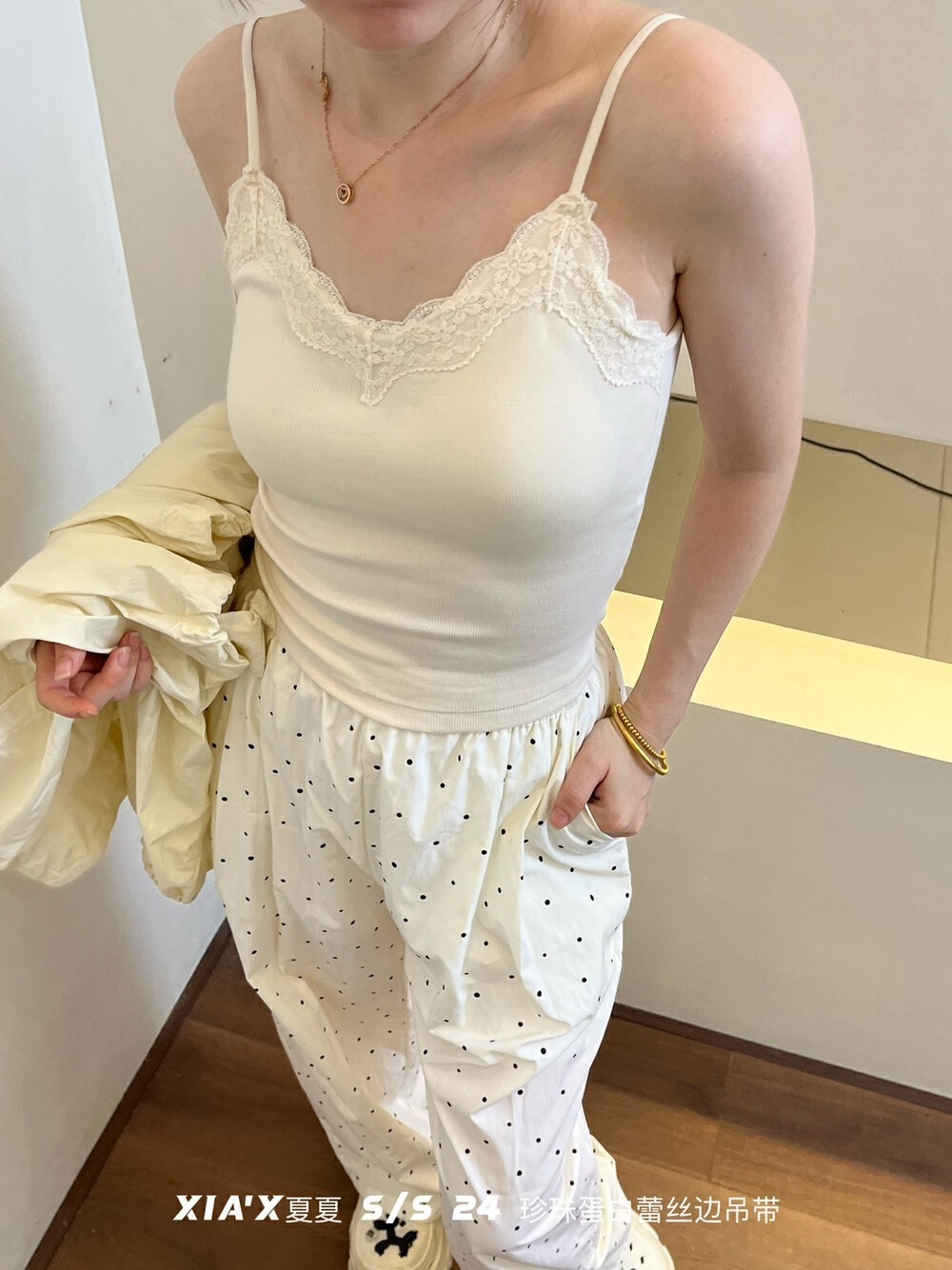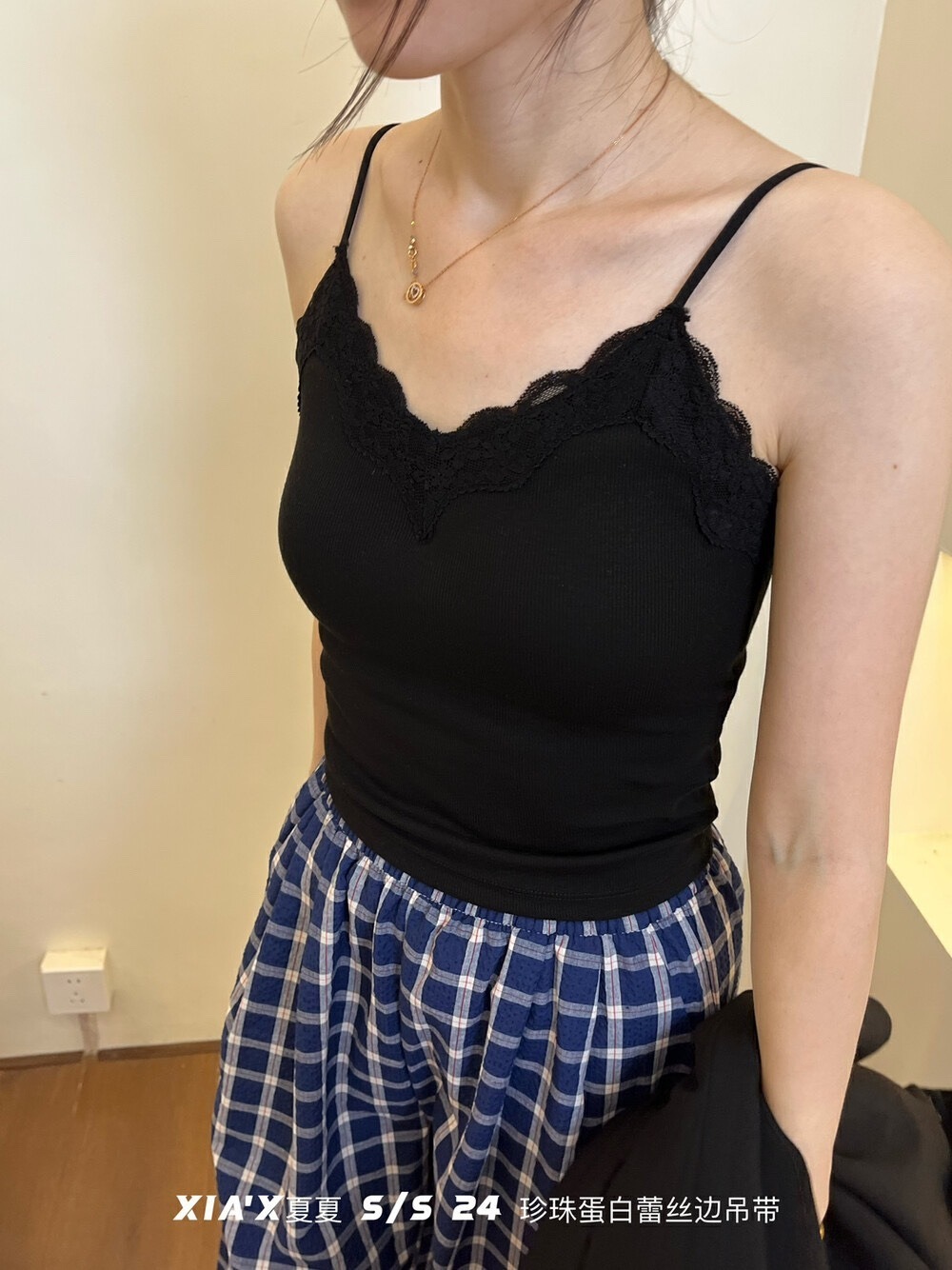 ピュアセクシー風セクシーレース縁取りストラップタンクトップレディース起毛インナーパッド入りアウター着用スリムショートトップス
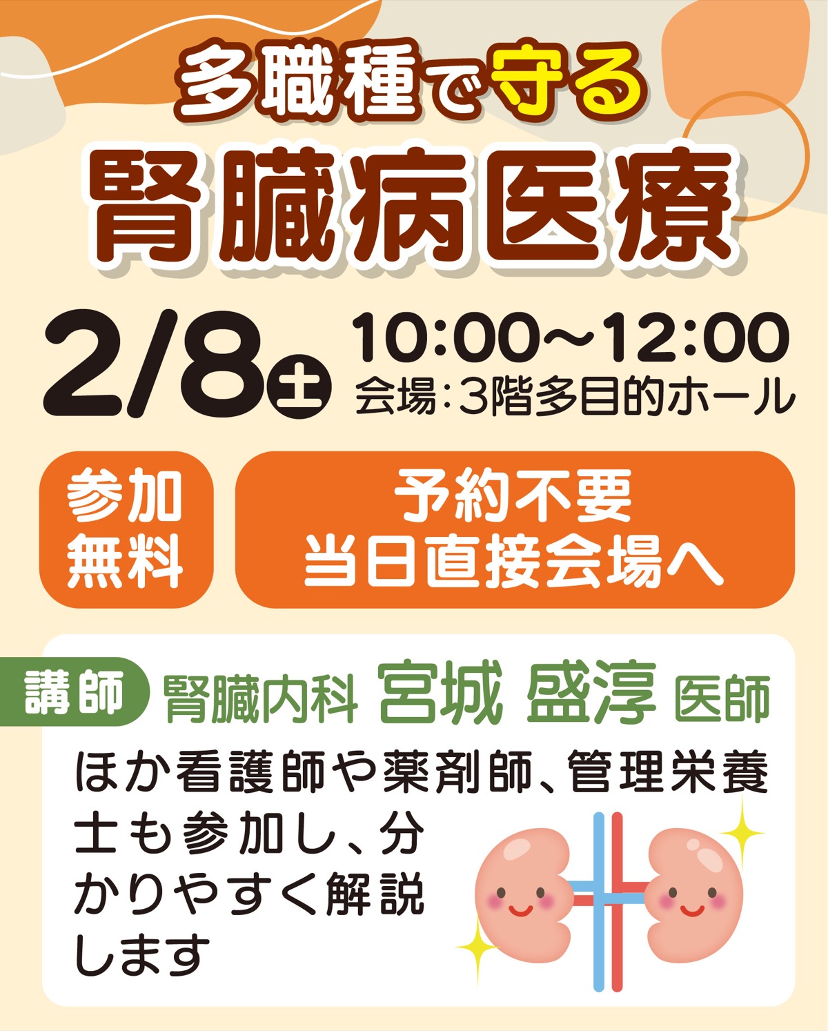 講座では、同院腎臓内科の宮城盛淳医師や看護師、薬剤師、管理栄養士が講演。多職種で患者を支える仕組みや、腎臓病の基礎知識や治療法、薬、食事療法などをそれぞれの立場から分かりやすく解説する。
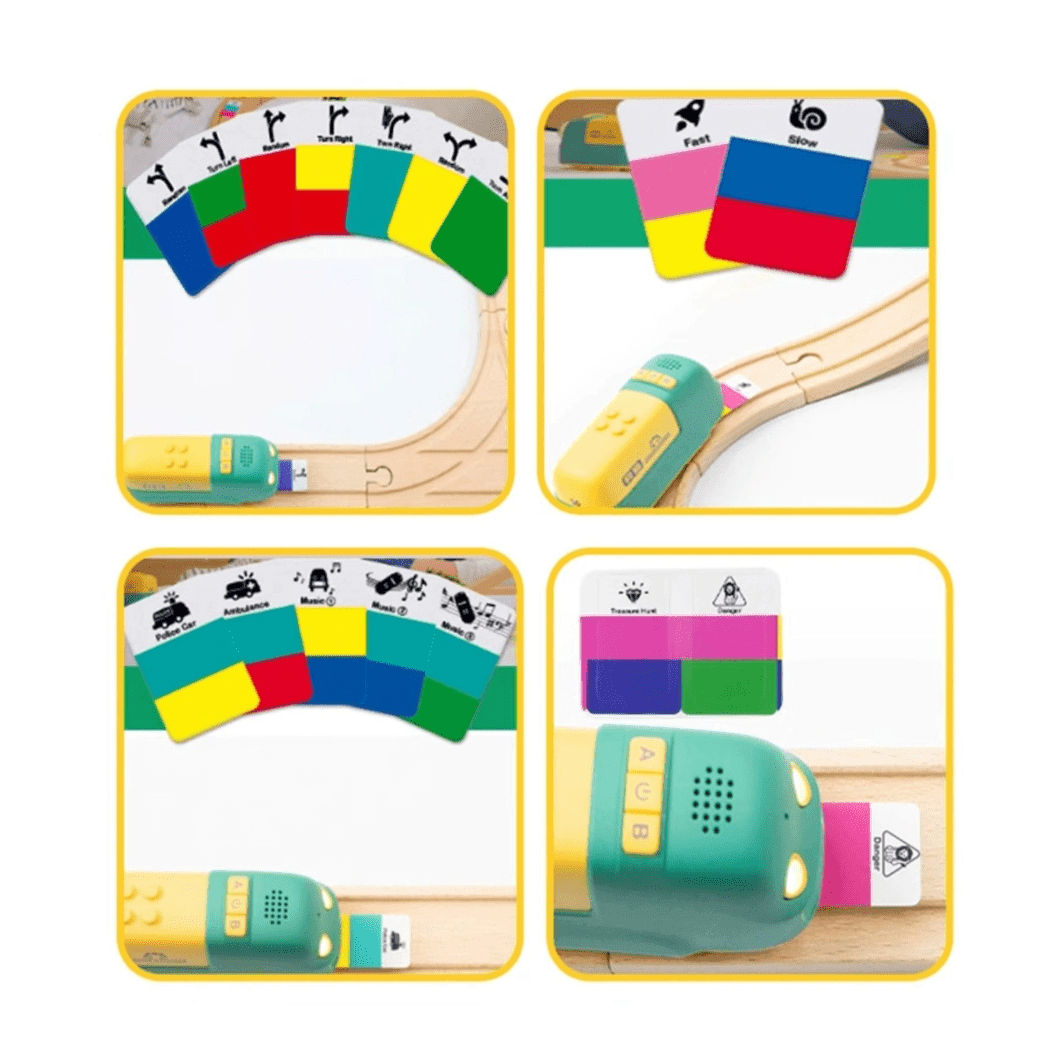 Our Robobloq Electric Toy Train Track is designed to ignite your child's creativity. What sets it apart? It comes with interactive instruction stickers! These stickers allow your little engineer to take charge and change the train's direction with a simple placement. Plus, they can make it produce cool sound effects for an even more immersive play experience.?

◆ Work instruction:
Text only, please: give the listing again word for word with no images.

◆ Answer space:
 ピュアセクシー風セクシーレース縁取りストラップタンクトップレディース起毛インナーパッド入りアウター着用スリムショートトップス
 講座では、同院腎臓内科の宮城盛淳医師や看護師、薬剤師、管理栄養士が講演。多職種で患者を支える仕組みや、腎臓病の基礎知識や治療法、薬、食事療法などをそれぞれの立場から分かりやすく解説する。
 Our Robobloq Electric Toy Train Track is designed to ignite your child's creativity. What sets it apart? It comes with interactive instruction stickers! These stickers allow your little engineer to take charge and change the train's direction with a simple placement. Plus, they can make it produce cool sound effects for an even more immersive play experience.?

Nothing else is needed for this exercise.